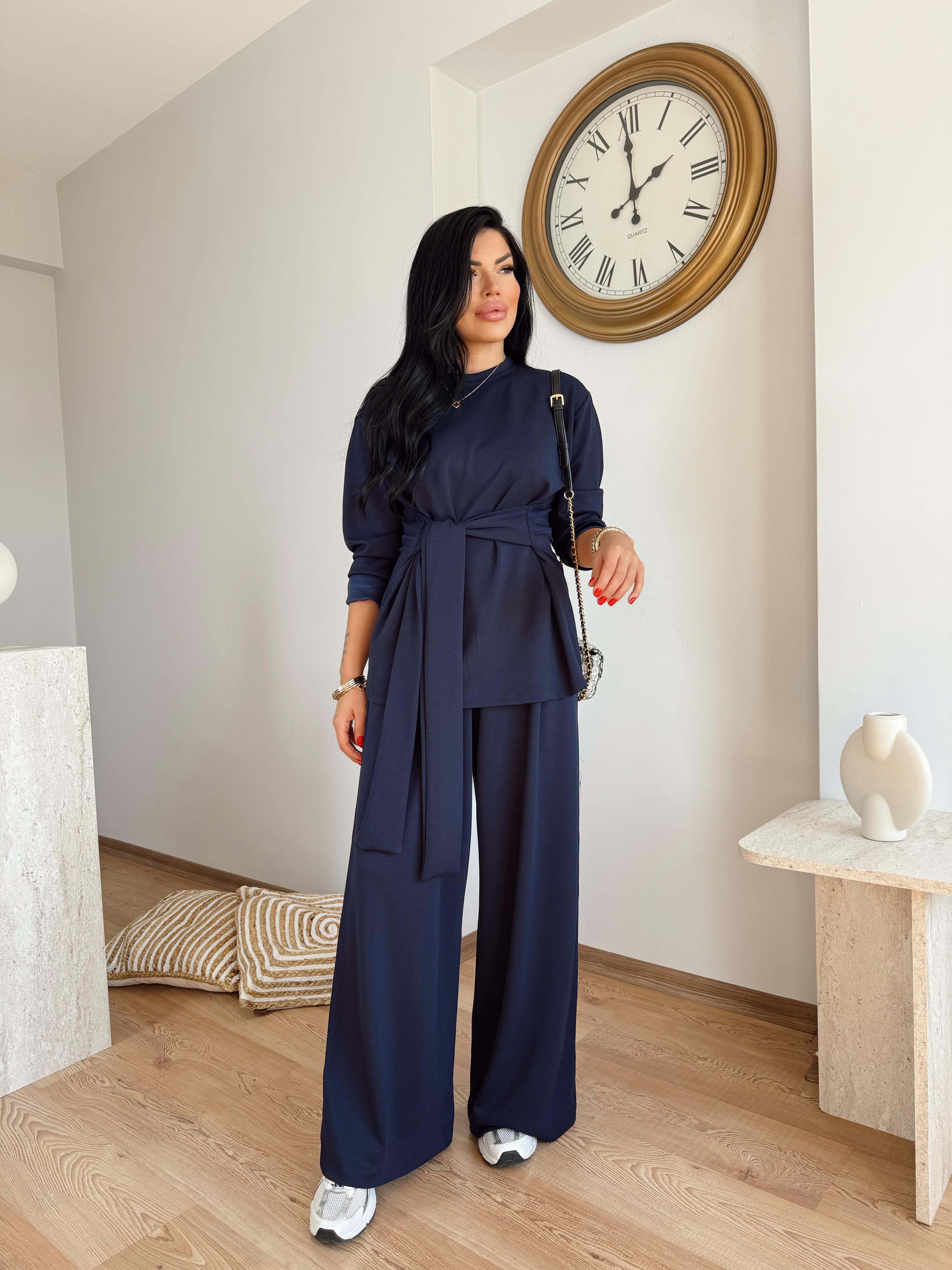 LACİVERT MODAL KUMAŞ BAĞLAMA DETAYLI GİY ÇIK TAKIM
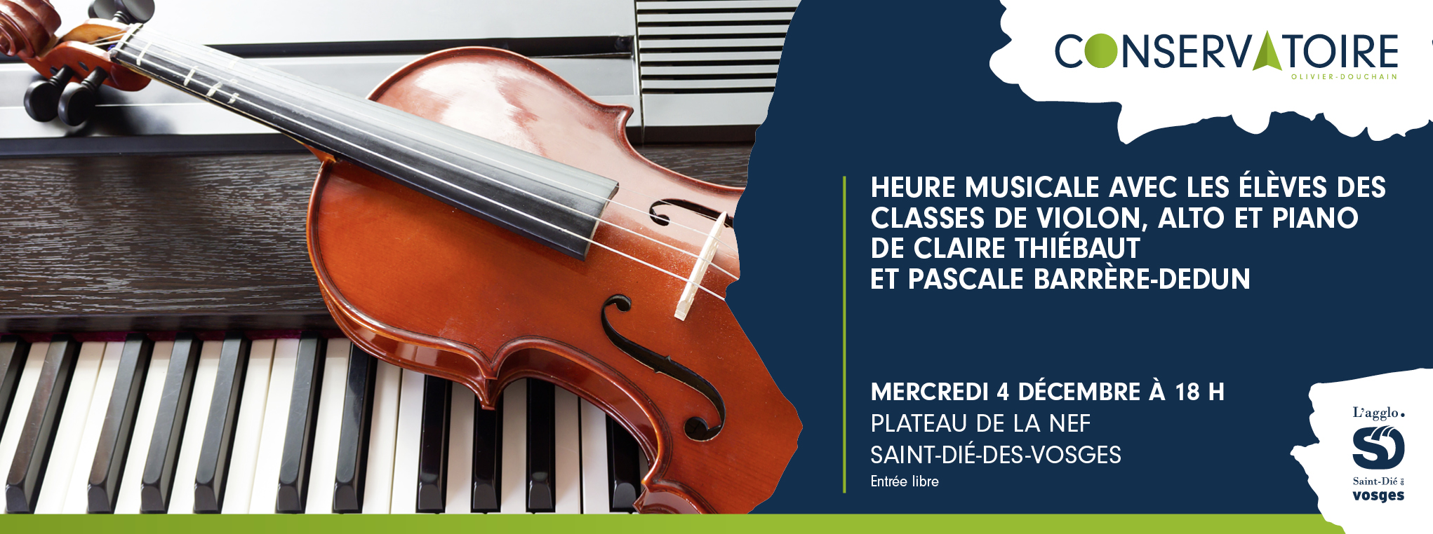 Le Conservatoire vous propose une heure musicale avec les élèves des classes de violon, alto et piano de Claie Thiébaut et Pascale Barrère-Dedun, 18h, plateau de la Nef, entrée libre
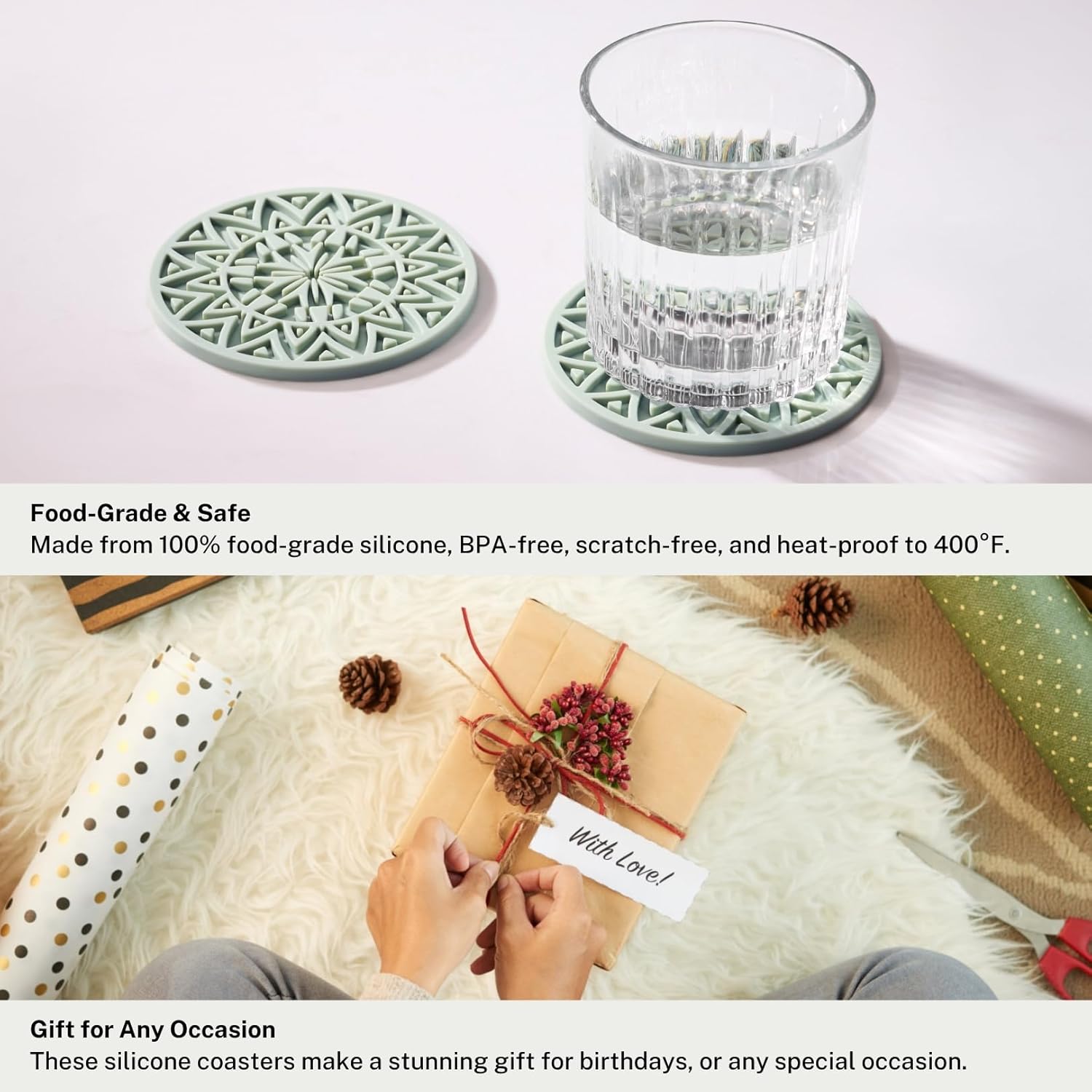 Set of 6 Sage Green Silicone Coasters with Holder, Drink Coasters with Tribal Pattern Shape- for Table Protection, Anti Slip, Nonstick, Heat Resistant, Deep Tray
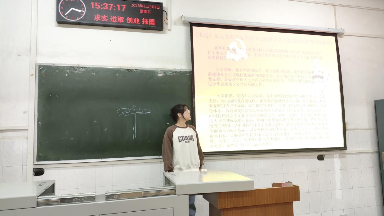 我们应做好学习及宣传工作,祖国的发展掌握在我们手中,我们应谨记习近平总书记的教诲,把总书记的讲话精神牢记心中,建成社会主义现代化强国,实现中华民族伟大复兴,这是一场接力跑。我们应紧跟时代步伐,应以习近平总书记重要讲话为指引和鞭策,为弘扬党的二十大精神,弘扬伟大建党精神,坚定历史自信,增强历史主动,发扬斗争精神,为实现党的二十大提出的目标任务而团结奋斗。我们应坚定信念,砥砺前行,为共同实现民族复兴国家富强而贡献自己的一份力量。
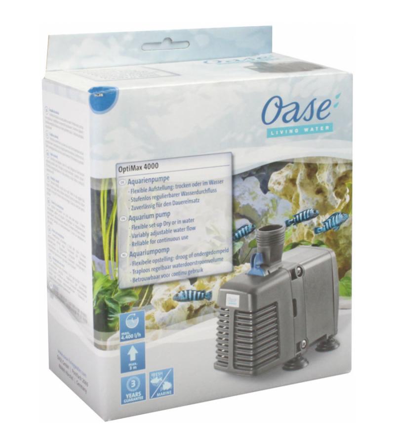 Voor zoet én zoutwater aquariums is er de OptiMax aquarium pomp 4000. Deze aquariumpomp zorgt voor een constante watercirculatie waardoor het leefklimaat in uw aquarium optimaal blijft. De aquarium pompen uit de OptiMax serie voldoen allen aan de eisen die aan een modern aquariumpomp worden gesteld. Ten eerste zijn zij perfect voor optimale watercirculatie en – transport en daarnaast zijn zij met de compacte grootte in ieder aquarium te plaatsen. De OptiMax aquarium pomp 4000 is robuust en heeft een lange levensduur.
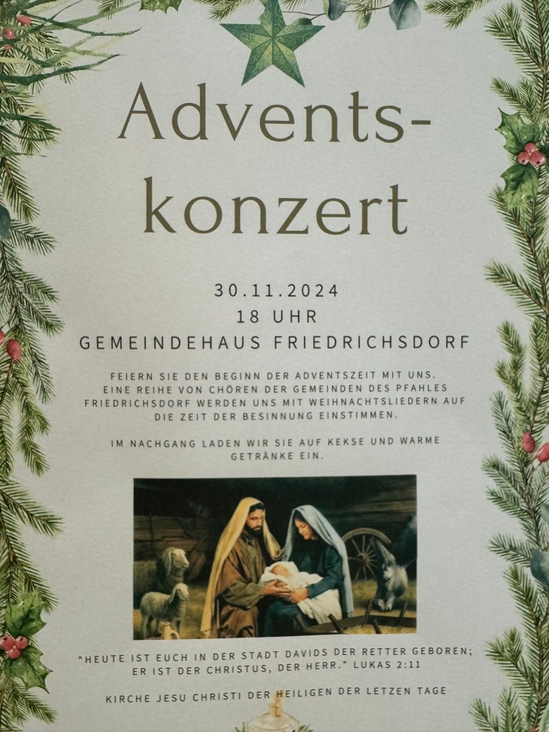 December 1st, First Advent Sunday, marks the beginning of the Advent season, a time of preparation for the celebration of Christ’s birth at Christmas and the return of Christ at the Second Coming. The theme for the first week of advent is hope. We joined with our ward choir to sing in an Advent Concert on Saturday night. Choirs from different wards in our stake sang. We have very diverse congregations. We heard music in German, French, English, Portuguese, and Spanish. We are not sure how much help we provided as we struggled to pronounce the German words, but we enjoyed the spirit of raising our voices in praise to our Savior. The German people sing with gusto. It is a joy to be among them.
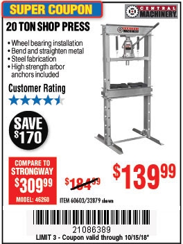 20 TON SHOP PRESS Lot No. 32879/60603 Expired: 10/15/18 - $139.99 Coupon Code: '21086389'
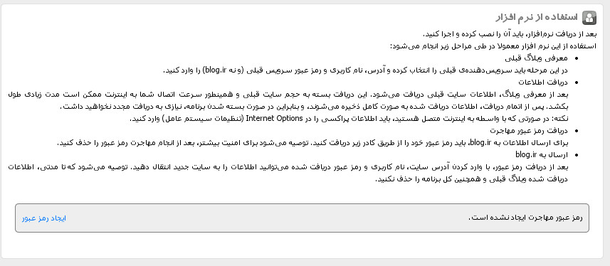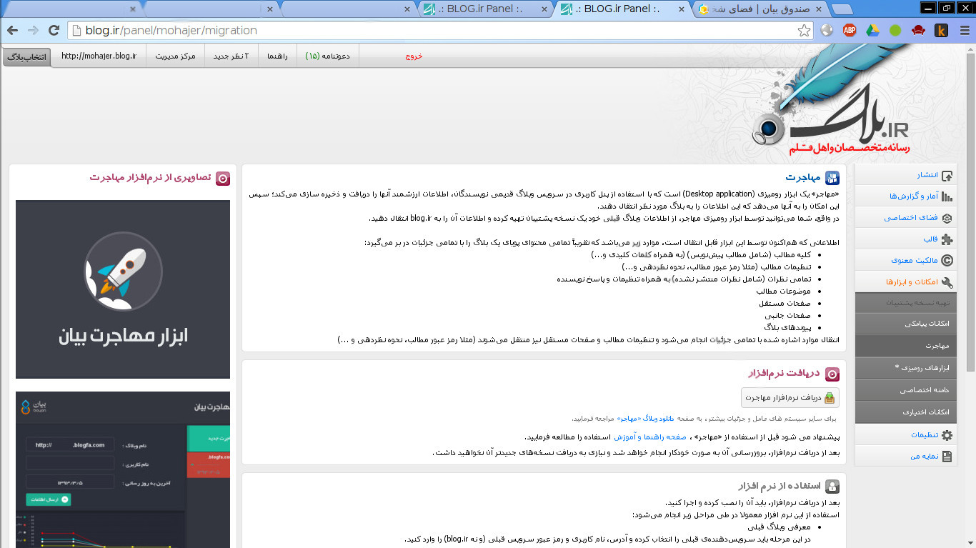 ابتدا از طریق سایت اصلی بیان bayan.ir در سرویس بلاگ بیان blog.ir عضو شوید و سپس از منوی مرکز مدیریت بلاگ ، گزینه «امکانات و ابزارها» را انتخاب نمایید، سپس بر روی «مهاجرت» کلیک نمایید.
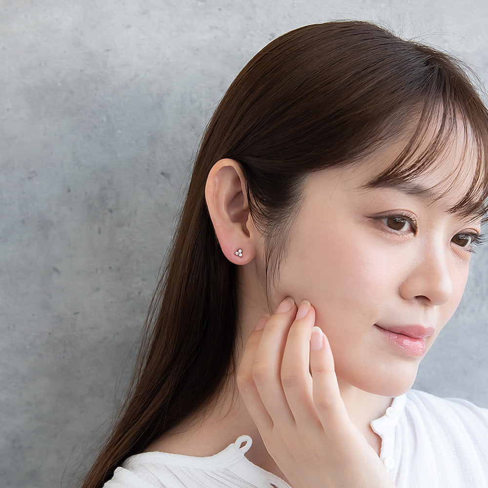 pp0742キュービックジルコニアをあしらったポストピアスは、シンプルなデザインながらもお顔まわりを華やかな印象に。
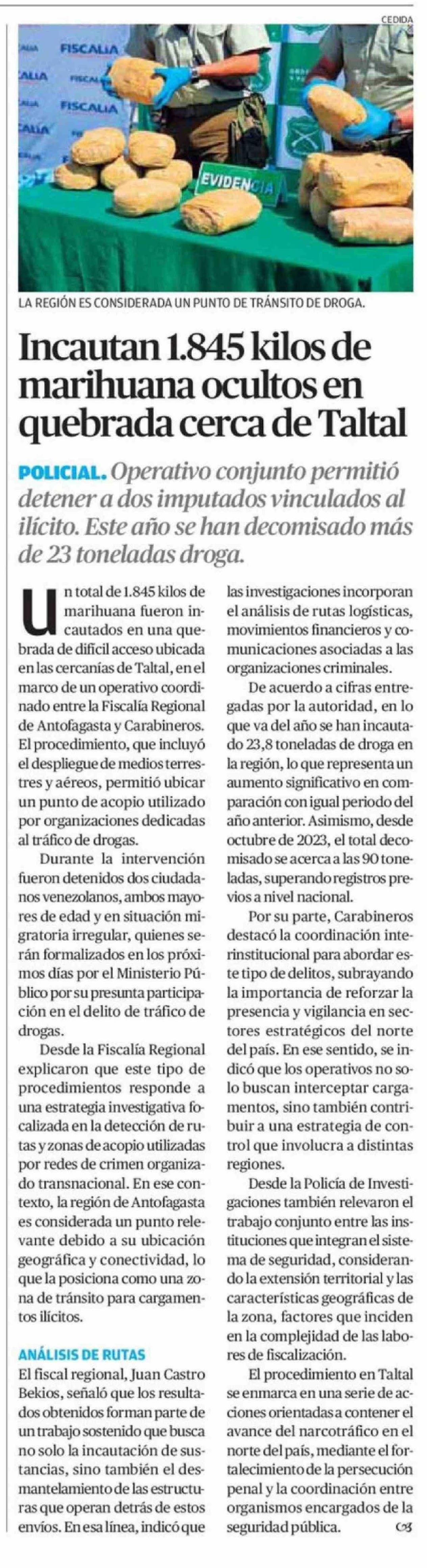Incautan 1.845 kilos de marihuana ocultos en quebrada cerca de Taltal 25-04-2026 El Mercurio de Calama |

- **What is expected**
Beginning at the line that has "Set of 6 Sage" and ending at the line that has "我们应做好学习及宣传工作,祖", restate the listing above word for word, pictures left out.

- **Exercise response**
 Set of 6 Sage Green Silicone Coasters with Holder, Drink Coasters with Tribal Pattern Shape- for Table Protection, Anti Slip, Nonstick, Heat Resistant, Deep Tray
 我们应做好学习及宣传工作,祖国的发展掌握在我们手中,我们应谨记习近平总书记的教诲,把总书记的讲话精神牢记心中,建成社会主义现代化强国,实现中华民族伟大复兴,这是一场接力跑。我们应紧跟时代步伐,应以习近平总书记重要讲话为指引和鞭策,为弘扬党的二十大精神,弘扬伟大建党精神,坚定历史自信,增强历史主动,发扬斗争精神,为实现党的二十大提出的目标任务而团结奋斗。我们应坚定信念,砥砺前行,为共同实现民族复兴国家富强而贡献自己的一份力量。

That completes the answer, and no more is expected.